Paper
13 October 1994 Shape feature variation for recognition
Raashid Malik, Hyeon-June Kim
Author Affiliations +
Abstract
Geometric features of an object in an image vary with the view angle of the camera or with the orientation of the object. The variation in measured features is often expressed using probability density functions. The probabilistic bases of this approach arise from assumptions concerning the unconstrained pose of the object and the consequent that the two orientation angles are random variables with a known joint density. In this paper we concentrate on recognizing the faces of polyhedral surfaces. We start by quantifying the minimal features in a face that are scale invariant and rotation invariant (about the optical axis). Two features we found to be analytically tractable were the normalized area between two edges and the normalized innerproduct of two edge vectors.
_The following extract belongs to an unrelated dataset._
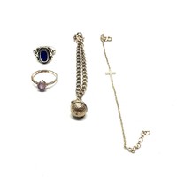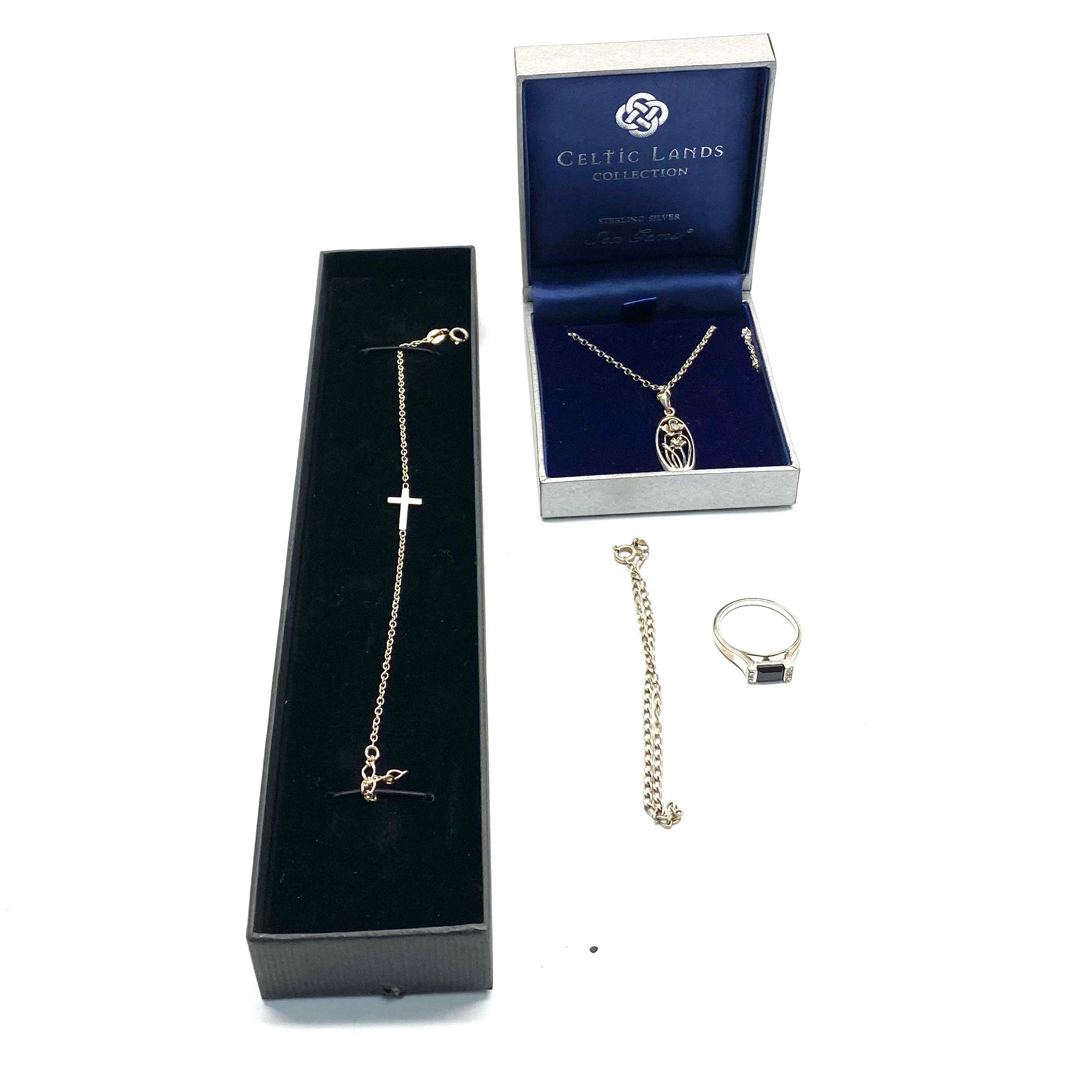 Boxed silver cross bracelet, Celtic lands silver chain and daffodil pendant, Black Onyx silver ring with diamonds size R and a silver bracelet.

We refer to the features as quadrature line ratios. The joint density of these measured features in orthographic images has been derived. The variation of these features in images are analyzed and plotted. Likelihood functions based on this density have been developed and used in distinguishing and recognizing faces of polyhedra. Experiments with real and simulated data have been conducted to verify the efficacy of the proposed schemes and the results show that the method is promising.
© (1994) COPYRIGHT Society of Photo-Optical Instrumentation Engineers (SPIE). Downloading of the abstract is permitted for personal use only.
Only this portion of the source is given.